YOUR TASK -
No pictures belong in the result; set down exactly the lines from the one containing "미 NASA 우주조종사" through the final line of the listing, and nothing more.

--- START ---

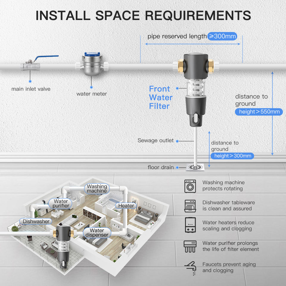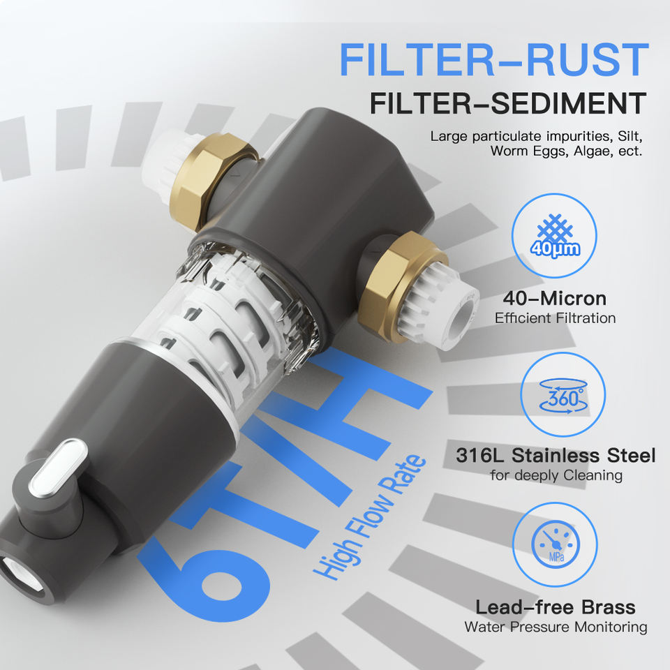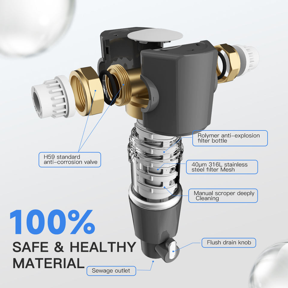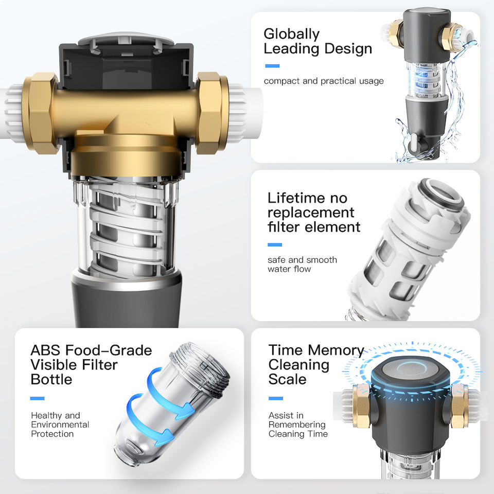 Système de pré-filtre à eau réutilisable de 40 microns purificateur d'eau de toute la maison en laiton de 3/4 pouces propre-lui-même pour le ménage
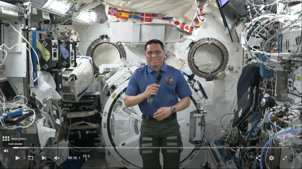 미 NASA 우주조종사 프랭크 루비오가 지난 12일(현지 시각) 국제우주정거장(ISS)에서 인터뷰를 하고 있다. 사진출처=NASA 유튜브 채널 캡처
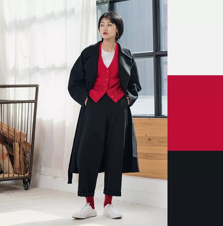 选择一款抢眼的红色单品作为主角,想要走安全路线的同学可以搭配黑白灰中性色,高段位 选手可以试试搭配今年的流行色紫外光或者秋冬“黑马色”玫红。
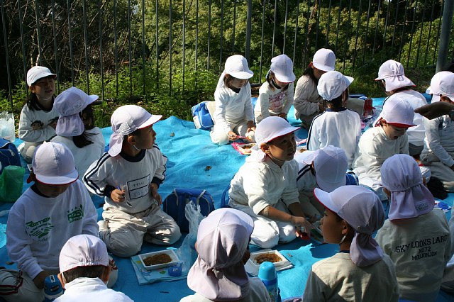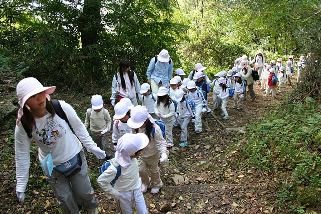少し肌寒い中、十三峠ハイキングがありました。年長さんは誰ひとりとして「しんどい」「まだー」の声がなかったのに驚きました。天候に恵まれたのと、すずめ蜂対策で途中休息が多かったにしても、文句が出なかったのはすごい事だと思いました。蜂の巣を通る時も静かでしたし、沢ガニの川で、おしあいへしあいの満員状態の中でもお友だちを強く押したりする子はなかったように思われます。思い切りカニを捕りどんぐりを拾いとっても楽しそうでした。奈良終点でバンザイをした時は、どの子もきっと達成感を味わっていた事でしょう。ハヤピーが話されたように幼稚園の記憶は薄れ覚えていないことが多いですが、すずめ蜂の恐ろしさゆえの行動、なぜ白い服を着ていたか心の隅に残っていけばいいなぁと思います。 |
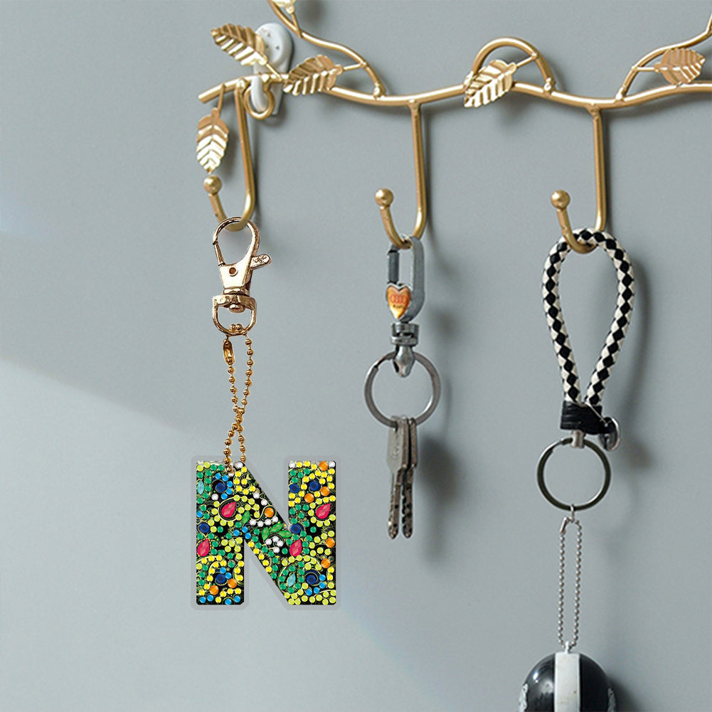DIY Pocket Mirror Handmade Gem Keychains Letters Lady Bag Pendant (N)

--- END ---

COMPLETED TASK -
 미 NASA 우주조종사 프랭크 루비오가 지난 12일(현지 시각) 국제우주정거장(ISS)에서 인터뷰를 하고 있다. 사진출처=NASA 유튜브 채널 캡처
 选择一款抢眼的红色单品作为主角,想要走安全路线的同学可以搭配黑白灰中性色,高段位 选手可以试试搭配今年的流行色紫外光或者秋冬“黑马色”玫红。
少し肌寒い中、十三峠ハイキングがありました。年長さんは誰ひとりとして「しんどい」「まだー」の声がなかったのに驚きました。天候に恵まれたのと、すずめ蜂対策で途中休息が多かったにしても、文句が出なかったのはすごい事だと思いました。蜂の巣を通る時も静かでしたし、沢ガニの川で、おしあいへしあいの満員状態の中でもお友だちを強く押したりする子はなかったように思われます。思い切りカニを捕りどんぐりを拾いとっても楽しそうでした。奈良終点でバンザイをした時は、どの子もきっと達成感を味わっていた事でしょう。ハヤピーが話されたように幼稚園の記憶は薄れ覚えていないことが多いですが、すずめ蜂の恐ろしさゆえの行動、なぜ白い服を着ていたか心の隅に残っていけばいいなぁと思います。 |
DIY Pocket Mirror Handmade Gem Keychains Letters Lady Bag Pendant (N)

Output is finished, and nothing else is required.